Valiant has announced that their big summer push will be titled Book of Death, an “epic, four-part event revealing the future fates of X-O Manowar, Bloodshot, Ninjak, and more in July”. Along with this miniseries, they’re offering the four-issue Book of Death: Legends of the Geomancer — but only as a “retailer-incentive companion series”. That means you can only buy certain amounts, based on how many issues you’ve ordered of the main series.
It’s an obvious incentive strategy that seems sensible to a company. Heck, they do it all the time with variant covers, telling retailers they can order one of HOT ARTIST VARIANT for every 25 or 50 or 100 of STANDARD BOOK they order. But restricting an entire issue based on sales of another product has a historical component that I’m not sure they’ve thought about.
See, saying “you can only buy X if you buy Y” is a called a tie-in sale, and it was one of the issues driving the Senate hearings on comics and juvenile delinquency back in the 1950s. As discussed in Amy Kiste Nyberg’s excellent book Seal of Approval: The History of the Comics Code,
“Testimony by retailers and newsdealers indicated that tie-in sales were a common practice in the industry. Distributors and wholesalers, however, denied that such practices existed, insisting that no retailer ever had to sell a comic book that he or she did not want to handle.”
Or here, at this site with transcripts of the hearings:
The Hearings were only supposed to be for two days, but a third day came about because of the issue of tie in sales. Newsstand dealers insisted that it was a regular occurrence and it was why the crime and horror comics were being sold.

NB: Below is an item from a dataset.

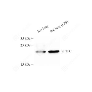 | WB检测Prosurfactant Protein C蛋白(货号 GB114201). 样品: 经RIPA裂解液(货号G2002)处理的蛋白质. 封闭: 3%脱脂牛奶(货号GC310001)溶于TBST溶液, 室温孵育1小时. —抗: 1: 300稀释, 4℃ 孵育过夜. 二抗: HRP标记山羊抗兔IgG (H+L) (货号GB23303), 1: 5000稀释, 室温孵育1小时. |

They said they wouldn’t be selling them, but the distribution companies wouldn’t give them the better selling magazines like TV Guide unless they took and sold the crime and horror comics.
From the interim report of the Senate hearings:
Legislation has been enacted by three States, New York, New Jersey, and Idaho, to prohibit what is known as tie-in sales practices.
Of course, then, the perception was that dealers were forced to accept objectionable titles in order to get others they wanted or found more suitable. Here, it’s almost the reverse — they’re trying to artificially create a collectible in order to raise sales on both titles. My brief reading on the subject suggests that now, it’s most cared about if the products are unrelated. Since these two comics series are being pushed as part of the same story, that’s not an issue (and I would hope someone at Valiant has checked out that it’s legal to do this).
Book of Death (and isn’t that a charming title to get excited about?) will be on sale July 15 at $3.99 for 40 pages. It’s written by Robert Venditti with art by Robert Gill and Doug Braithwaite and a variety of variant covers. Book of Death: Legends of the Geomancer is written by Fred van Lente and drawn by Juan Jose Ryp. There’s no set price on its 24 pages, also on sale July 15, and not available digitally. Cover, shown here, is by Marguerite Sauvage. They’re promising that the tie-in series will feature “never-before-seen stories that won’t be collected in trade paperback” about “a character that is not only new to the Valiant Universe, but is also vitally important to its history” in an effort to goose sales of both comic miniseries.